# Directions:
Would you copy only the lines below, from the one containing "Villa San Michele" through the very last one, leaving the pictures out?

+ + + + +

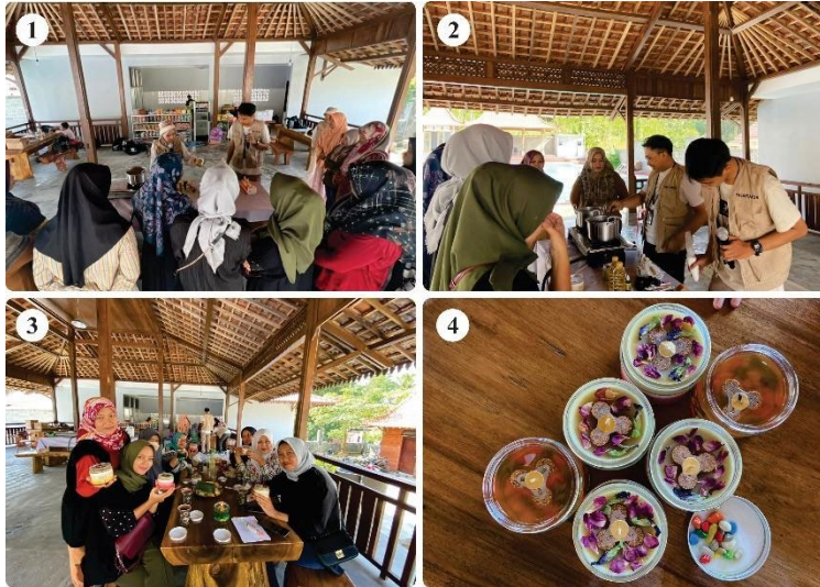
Figure 2. Product Development Process

The first stage, collecting tools and materials consists of: 1) Used cooking oil, 2) Essential Oil, 3) Night, 4) Stove, 5) Pot, 6) Stearin, 7) Glass Jar 350ml, 8) Candle Wick, 9) Float Axis, 10) Used Crayons, 11) Charcoal and soak used cooking oil with charcoal for 12 hours, to clean and remove the smell of used cooking oil.
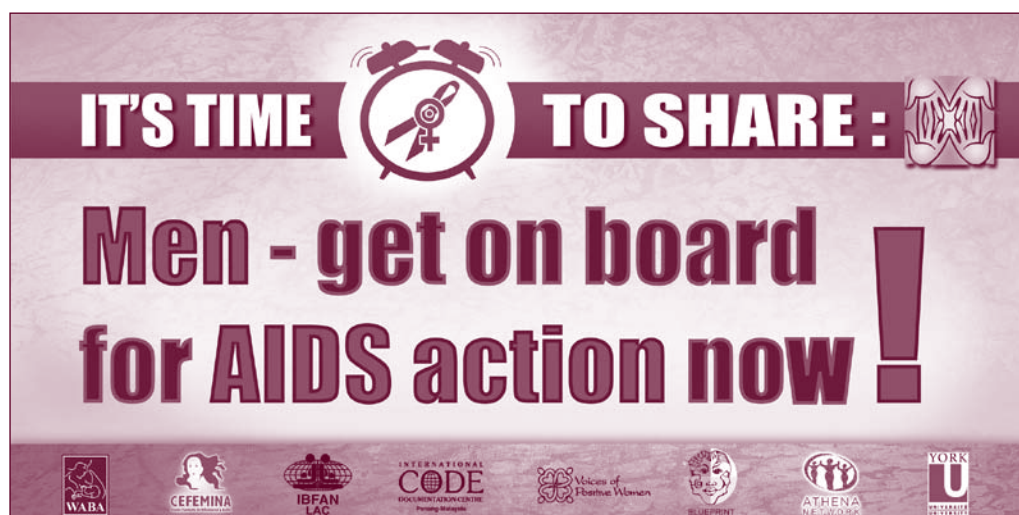
WABA banner for the XVI IAC, August 2006
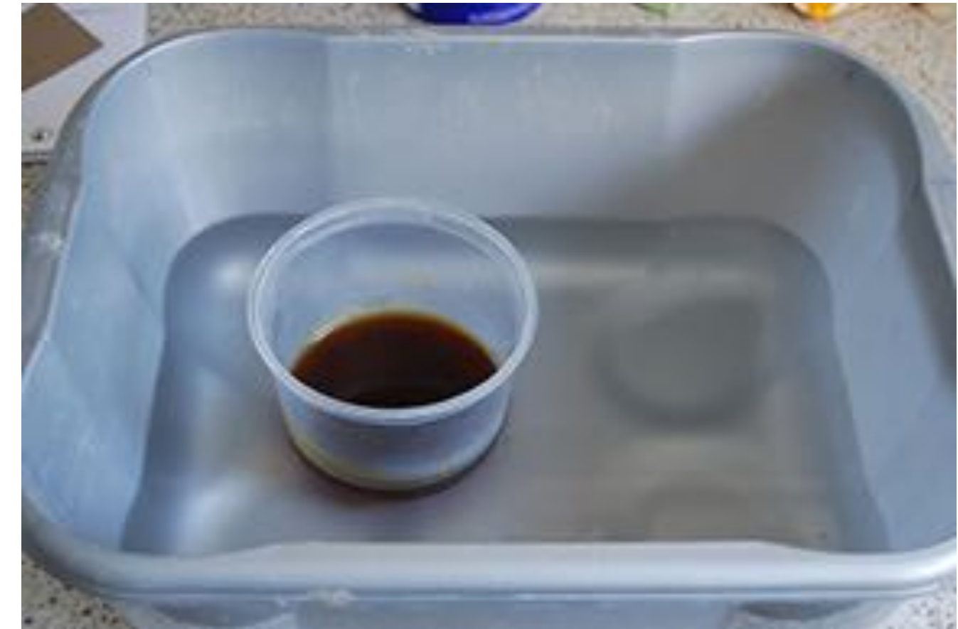
Warming Varnish in warm water bath improves Brush ability and leveling of coating
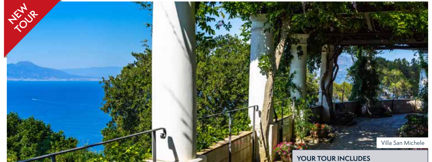
Villa San Michele
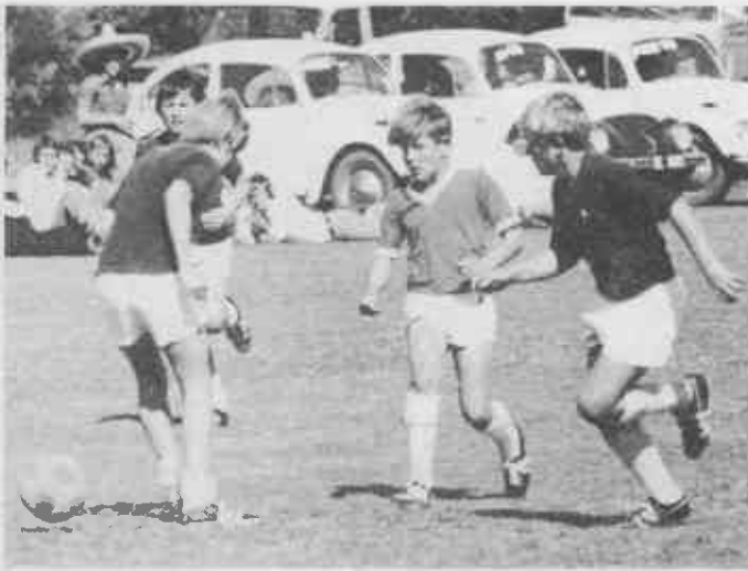
Two incidents in the Town versus Central match.
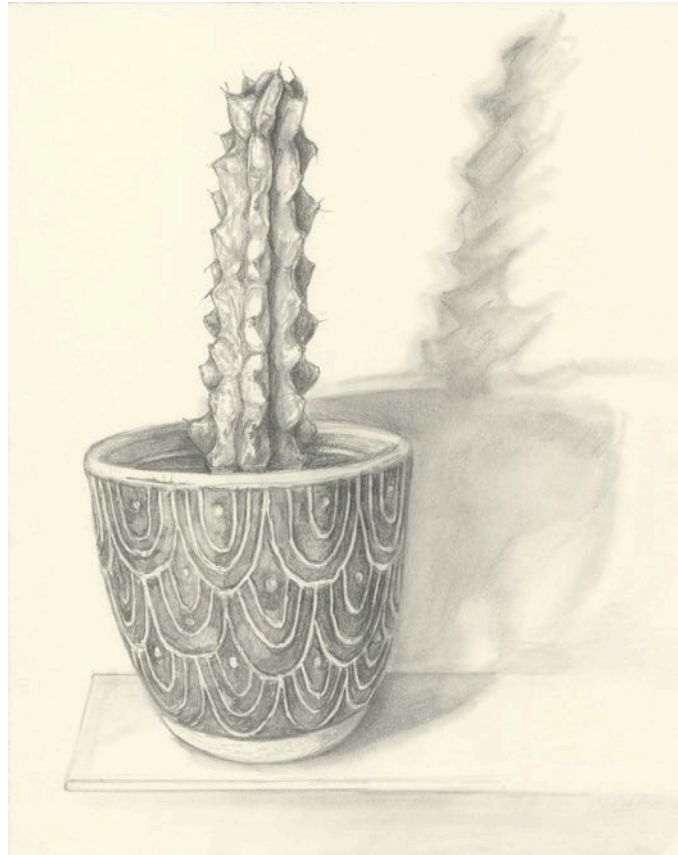
Amanda Besl Myrtillocactus Geometrizzans , 2019 Graphite on paper 12 x 9 inches (15.25 x 12.25 framed) 450.00

EXHIBIT A / 22 EAST MARKET, CORNING NY / INFO@EXH-A.COM / 607.259.1008

+ + + + +

# Written solution:
Villa San Michele
Two incidents in the Town versus Central match.
Amanda Besl Myrtillocactus Geometrizzans , 2019 Graphite on paper 12 x 9 inches (15.25 x 12.25 framed) 450.00

EXHIBIT A / 22 EAST MARKET, CORNING NY / INFO@EXH-A.COM / 607.259.1008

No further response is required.